用於編譯模型的 Python 介面:PyCompile

執行 PyCompile 介面

可以直接從命令列編譯 ONNX 模型。然後可以使用 Python 執行產生的函式庫,如先前章節所示。有時,直接在 Python 中編譯模型可能也很方便。本節將探討執行此操作的 Python 方法。

OMCompileSession 物件在建構時會採用檔案名稱。對於編譯,compile() 將接收 flags 字串作為輸入,這將覆寫從 env var 設定的任何預設選項。

import numpy as np
from PyCompile import OMCompileSession

# Load onnx model and create OMCompileSession object.
file = './mnist.onnx'
compiler = OMCompileSession(file)
# Generate the library file. Success when rc == 0 while set the opt as "-O3"
rc = compiler.compile("-O3")
# Get the output file name
model = compiler.get_compiled_file_name()
if rc:
    print("Failed to compile with error code", rc)
    exit(1)
print("Compiled onnx file", file, "to", model, "with rc", rc)

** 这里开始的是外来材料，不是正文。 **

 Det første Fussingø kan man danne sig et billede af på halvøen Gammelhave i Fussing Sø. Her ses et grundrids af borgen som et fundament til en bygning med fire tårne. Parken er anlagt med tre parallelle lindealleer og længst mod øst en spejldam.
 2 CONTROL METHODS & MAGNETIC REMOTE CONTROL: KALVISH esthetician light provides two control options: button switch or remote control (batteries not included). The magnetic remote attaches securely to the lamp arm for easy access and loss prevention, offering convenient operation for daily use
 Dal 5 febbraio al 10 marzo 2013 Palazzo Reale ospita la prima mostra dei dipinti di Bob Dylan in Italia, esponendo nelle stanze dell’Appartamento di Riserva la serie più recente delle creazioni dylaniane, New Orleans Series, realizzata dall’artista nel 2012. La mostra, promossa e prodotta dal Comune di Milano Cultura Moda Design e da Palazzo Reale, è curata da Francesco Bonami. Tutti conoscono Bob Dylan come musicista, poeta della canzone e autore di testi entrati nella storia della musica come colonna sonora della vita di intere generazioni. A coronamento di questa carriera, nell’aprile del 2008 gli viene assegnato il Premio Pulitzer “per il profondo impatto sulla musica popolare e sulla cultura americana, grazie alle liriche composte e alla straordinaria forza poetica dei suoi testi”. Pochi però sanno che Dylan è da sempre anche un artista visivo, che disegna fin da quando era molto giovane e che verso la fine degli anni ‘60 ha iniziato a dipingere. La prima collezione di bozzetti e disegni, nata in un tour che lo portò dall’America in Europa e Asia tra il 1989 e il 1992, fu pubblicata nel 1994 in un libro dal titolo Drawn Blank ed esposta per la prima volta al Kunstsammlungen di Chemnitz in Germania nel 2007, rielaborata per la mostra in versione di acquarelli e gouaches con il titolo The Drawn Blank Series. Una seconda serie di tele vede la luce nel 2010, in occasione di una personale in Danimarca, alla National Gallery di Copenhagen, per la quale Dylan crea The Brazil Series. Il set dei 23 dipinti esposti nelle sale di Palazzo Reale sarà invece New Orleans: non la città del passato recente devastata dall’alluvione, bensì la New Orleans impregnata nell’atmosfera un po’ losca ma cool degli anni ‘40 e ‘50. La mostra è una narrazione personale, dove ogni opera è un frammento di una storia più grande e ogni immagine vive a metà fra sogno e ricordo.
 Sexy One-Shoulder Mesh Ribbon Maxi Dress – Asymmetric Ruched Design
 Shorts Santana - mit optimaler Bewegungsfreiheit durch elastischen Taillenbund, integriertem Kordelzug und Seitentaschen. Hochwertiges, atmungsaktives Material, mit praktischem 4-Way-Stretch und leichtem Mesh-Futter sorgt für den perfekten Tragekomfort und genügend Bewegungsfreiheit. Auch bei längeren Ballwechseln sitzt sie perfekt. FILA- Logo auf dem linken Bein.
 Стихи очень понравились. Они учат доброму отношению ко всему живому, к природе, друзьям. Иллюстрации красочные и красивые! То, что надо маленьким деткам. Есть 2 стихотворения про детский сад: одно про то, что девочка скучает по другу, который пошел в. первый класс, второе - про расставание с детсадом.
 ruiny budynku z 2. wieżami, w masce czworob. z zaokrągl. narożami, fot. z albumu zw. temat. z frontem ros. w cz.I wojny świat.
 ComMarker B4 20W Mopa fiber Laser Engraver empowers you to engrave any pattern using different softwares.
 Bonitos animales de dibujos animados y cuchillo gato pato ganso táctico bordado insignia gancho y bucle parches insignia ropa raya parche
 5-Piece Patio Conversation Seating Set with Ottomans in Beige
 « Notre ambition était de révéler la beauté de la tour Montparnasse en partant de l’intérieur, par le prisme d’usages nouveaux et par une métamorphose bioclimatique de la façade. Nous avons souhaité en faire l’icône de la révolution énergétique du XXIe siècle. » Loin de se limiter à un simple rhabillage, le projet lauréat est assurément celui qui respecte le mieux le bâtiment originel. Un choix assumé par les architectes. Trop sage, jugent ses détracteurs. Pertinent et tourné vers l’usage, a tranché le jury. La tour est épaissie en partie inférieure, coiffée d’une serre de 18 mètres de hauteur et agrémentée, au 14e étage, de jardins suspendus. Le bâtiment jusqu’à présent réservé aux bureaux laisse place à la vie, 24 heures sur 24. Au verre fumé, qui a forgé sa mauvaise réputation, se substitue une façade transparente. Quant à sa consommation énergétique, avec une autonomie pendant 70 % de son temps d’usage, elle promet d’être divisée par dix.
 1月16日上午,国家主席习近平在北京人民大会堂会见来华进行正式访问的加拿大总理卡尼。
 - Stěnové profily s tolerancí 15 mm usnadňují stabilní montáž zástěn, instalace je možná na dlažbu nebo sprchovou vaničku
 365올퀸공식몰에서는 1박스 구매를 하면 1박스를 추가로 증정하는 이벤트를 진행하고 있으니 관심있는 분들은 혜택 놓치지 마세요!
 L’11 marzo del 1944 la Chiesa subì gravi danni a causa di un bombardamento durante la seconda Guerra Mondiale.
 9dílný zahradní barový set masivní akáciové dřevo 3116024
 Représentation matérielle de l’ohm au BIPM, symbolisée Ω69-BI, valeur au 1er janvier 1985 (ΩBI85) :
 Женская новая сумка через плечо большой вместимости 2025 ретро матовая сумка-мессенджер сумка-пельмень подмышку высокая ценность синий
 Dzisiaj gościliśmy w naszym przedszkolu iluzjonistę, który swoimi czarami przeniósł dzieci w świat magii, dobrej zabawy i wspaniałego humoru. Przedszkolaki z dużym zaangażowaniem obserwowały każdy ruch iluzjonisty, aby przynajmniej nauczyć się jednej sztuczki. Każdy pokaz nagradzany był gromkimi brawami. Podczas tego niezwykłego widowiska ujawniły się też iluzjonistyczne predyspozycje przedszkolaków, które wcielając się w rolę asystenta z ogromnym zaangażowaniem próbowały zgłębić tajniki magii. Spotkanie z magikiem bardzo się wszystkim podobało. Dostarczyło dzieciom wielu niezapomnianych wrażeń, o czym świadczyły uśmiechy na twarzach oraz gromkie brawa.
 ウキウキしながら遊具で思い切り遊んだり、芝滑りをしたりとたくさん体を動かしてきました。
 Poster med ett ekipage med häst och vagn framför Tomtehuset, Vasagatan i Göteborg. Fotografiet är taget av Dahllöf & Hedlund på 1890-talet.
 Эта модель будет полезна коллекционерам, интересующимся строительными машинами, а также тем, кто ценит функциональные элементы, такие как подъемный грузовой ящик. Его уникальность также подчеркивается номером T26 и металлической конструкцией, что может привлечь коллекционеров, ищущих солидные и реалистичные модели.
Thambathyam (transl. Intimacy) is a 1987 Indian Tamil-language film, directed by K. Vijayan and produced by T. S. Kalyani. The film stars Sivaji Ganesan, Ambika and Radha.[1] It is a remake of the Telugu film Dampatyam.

PyCompile 模組匯出 OMCompileSession 類別,以驅動將 ONNX 模型編譯為可執行模型。通常,會藉由給定 ONNX 模型的檔案名稱,針對給定的模型建立編譯器物件。然後,可以將所有編譯器選項設定為整個 std::string 來產生所需的可執行檔。最後,藉由呼叫 compile() 命令 (使用者將選項字串作為此函式的輸入) 來執行編譯本身。

compile() 命令會傳回反映編譯狀態的回傳碼。零值表示成功,非零值表示錯誤碼。由於不同的作業系統可能會具有不同的函式庫後綴,因此可以使用 get_compiled_file_name() 方法擷取輸出檔案名稱。

PyCompile 模型 API

可以在先前提及的來源中看到 OnnxMlirCompiler 的完整介面。不過,使用建構函式和下列方法就足以編譯模型。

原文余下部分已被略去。